▶ **Provided entries**:
────
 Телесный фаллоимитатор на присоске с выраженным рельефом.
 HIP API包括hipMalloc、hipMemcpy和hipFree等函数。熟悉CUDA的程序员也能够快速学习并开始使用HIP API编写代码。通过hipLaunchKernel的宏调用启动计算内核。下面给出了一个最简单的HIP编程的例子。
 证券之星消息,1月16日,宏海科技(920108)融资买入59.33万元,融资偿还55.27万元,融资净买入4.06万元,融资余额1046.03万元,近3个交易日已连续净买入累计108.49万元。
────
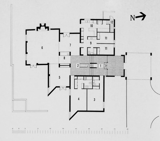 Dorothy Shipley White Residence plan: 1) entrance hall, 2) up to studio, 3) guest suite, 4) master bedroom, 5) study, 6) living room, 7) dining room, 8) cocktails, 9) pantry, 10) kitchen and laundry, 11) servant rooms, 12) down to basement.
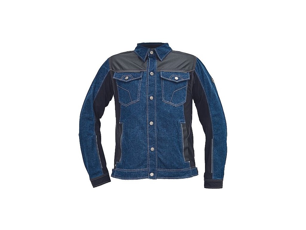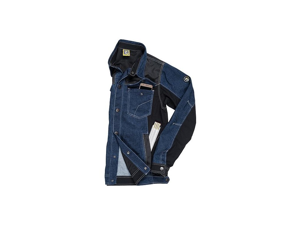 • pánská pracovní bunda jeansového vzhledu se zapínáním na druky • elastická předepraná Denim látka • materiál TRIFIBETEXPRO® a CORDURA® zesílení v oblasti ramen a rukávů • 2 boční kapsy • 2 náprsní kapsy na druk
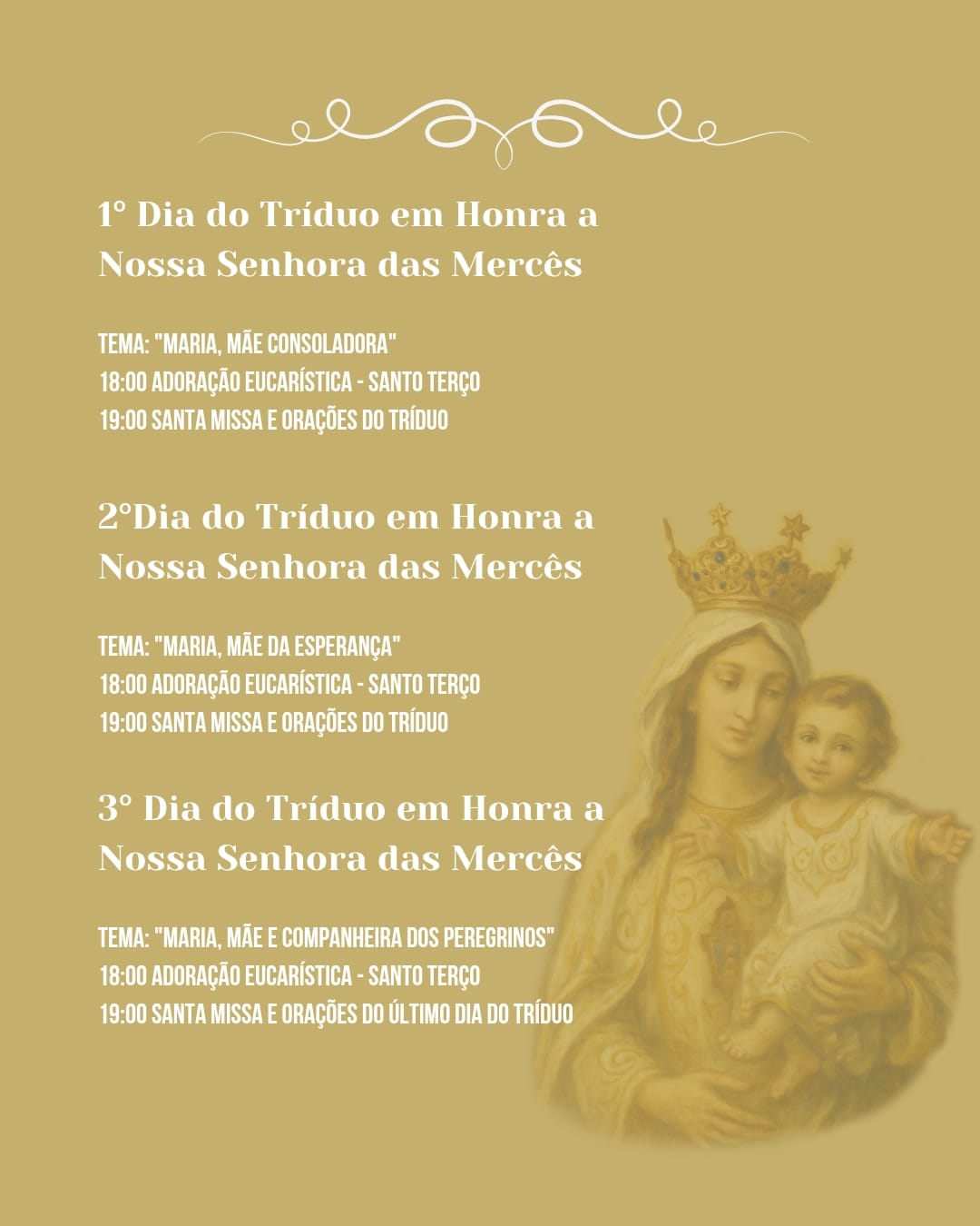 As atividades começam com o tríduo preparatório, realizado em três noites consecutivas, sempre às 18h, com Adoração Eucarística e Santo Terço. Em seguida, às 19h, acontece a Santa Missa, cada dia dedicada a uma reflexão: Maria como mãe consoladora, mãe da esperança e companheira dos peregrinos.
────
▶ **Problem**:
After locating the line with "Телесный фаллоимитатор на" in the material above, return it and each line after it exactly, ending at the line with "证券之星消息,1月16日,宏".

▶ **The completed task**:
 Телесный фаллоимитатор на присоске с выраженным рельефом.
 HIP API包括hipMalloc、hipMemcpy和hipFree等函数。熟悉CUDA的程序员也能够快速学习并开始使用HIP API编写代码。通过hipLaunchKernel的宏调用启动计算内核。下面给出了一个最简单的HIP编程的例子。
 证券之星消息,1月16日,宏海科技(920108)融资买入59.33万元,融资偿还55.27万元,融资净买入4.06万元,融资余额1046.03万元,近3个交易日已连续净买入累计108.49万元。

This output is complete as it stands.